OBJECTIVE SHBG is a circulating glycoprotein that binds dihydrotestosterone, testosterone and oestradiol with high affinity and low capacity. In girls, serum concentrations of SHBG gradually decrease with age due to a true fall in concentration and not to a change in the binding characteristics. The aim of our study was to determine the pattern of serum SHBG isoforms in normal girls in early childhood (ECh), late childhood (LCh) and puberty (P). SUBJECTS Fifteen normal girls were studied. They were divided into three groups according to their age: ECh: 3.7 ± 0.9 years (mean ± SD, n  = 5); LCh: 6.4 ± 0.5 years ( n  = 5); and P: 13.4 ± 1.5 years ( n  = 5).
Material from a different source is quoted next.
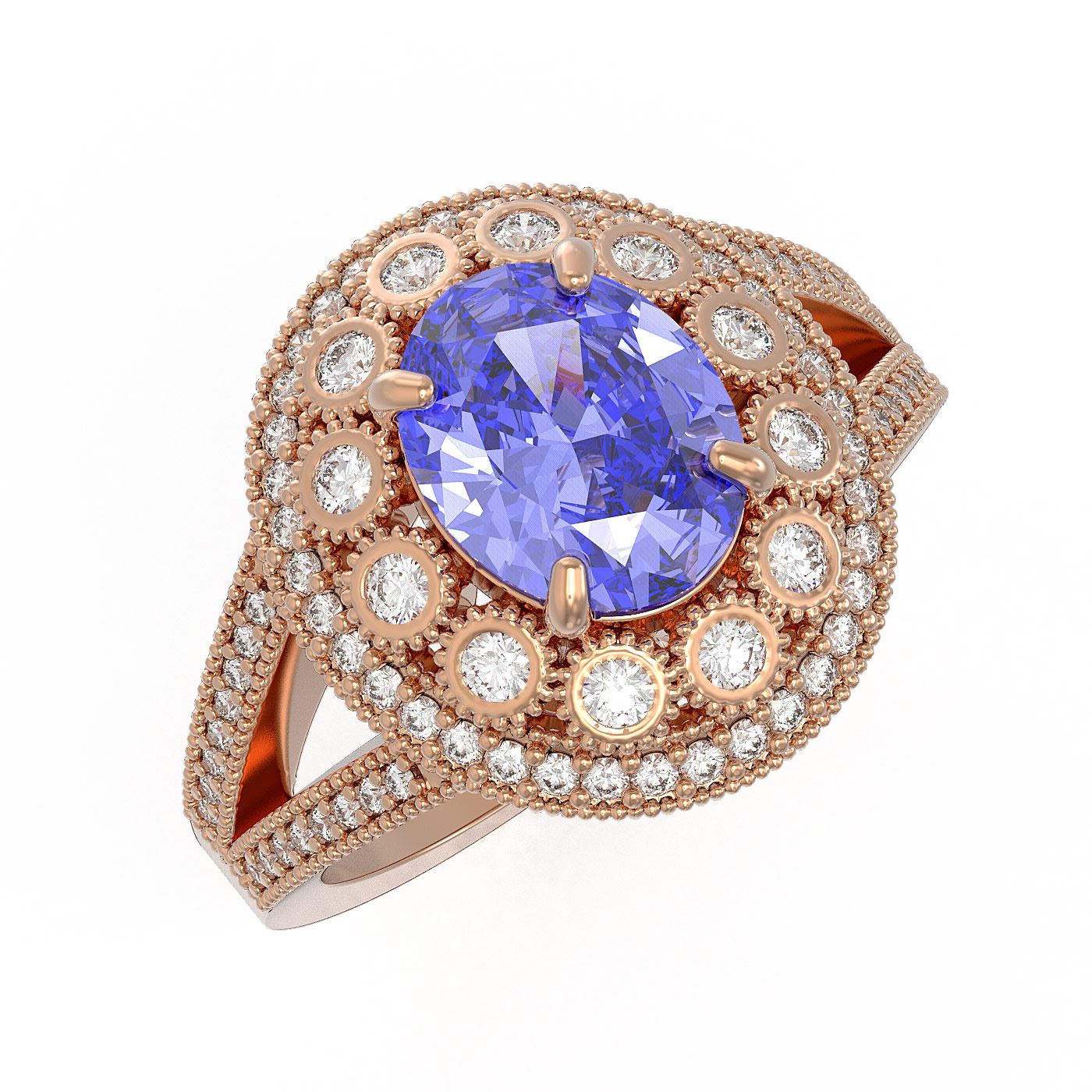 SKU: 43584 ---- 4.76 ctw Certified Tanzanite & Diamond Victorian Ring 14K Rose Gold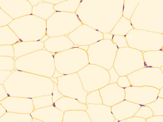 Adipose tissue, or fat tissue, is considered a connective tissue even though it does not have fibroblasts or a real matrix and only has a few fibers. Adipose tissue is made up of cells called adipocytes that collect and store fat in the form of triglycerides, for energy metabolism. Adipose tissues additionally serve as insulation to help maintain body temperatures, allowing animals to be endothermic, and they function as cushioning against damage to body organs. Under a microscope, adipose tissue cells appear empty due to the extraction of fat during the processing of the material for viewing, as seen in [link]. The thin lines in the image are the cell membranes, and the nuclei are the small, black dots at the edges of the cells.

METHODS AND MEASUREMENTS Preparative isoelectric focusing was used to isolate SHBG isoforms according to their isoelectric point (pI).Three groups of isoforms were isolated: S I : pI 5.2–5.4; S II : pI 5.4–5.6 and S III : pI 5.6–5.8. Steroid levels in serum were determined by RIA. RESULTS The relative distribution of SHBG isoforms (% of the total SHBG recovered, mean ± SD) in the three groups of girls studied was: ECh: S I : 25.8 ± 9.9, S II : 53 ± 10.5 and S III : 21.2 ± 1.6; LCh: S I : 8.8 ± 3.1, S II : 58.8 ± 12.2 and S III : 31.8 ± 8.6; P: S I : non‐detectable; S II : 51.6 ± 12.6 and S III : 48.4 ± 12.6. CONCLUSION These results indicate that serum SHBG is more heterogeneous before puberty. A considerable proportion of acidic isoforms are present early in life; they decrease during the prepubertal period and disappear when sexual development is completed. After puberty the glycoprotein is more homogeneous and an important proportion of more basic isoforms is present. At puberty serum SHBG not only falls in concentration but also has an altered sialic acid content which modulates its circulating half‐life.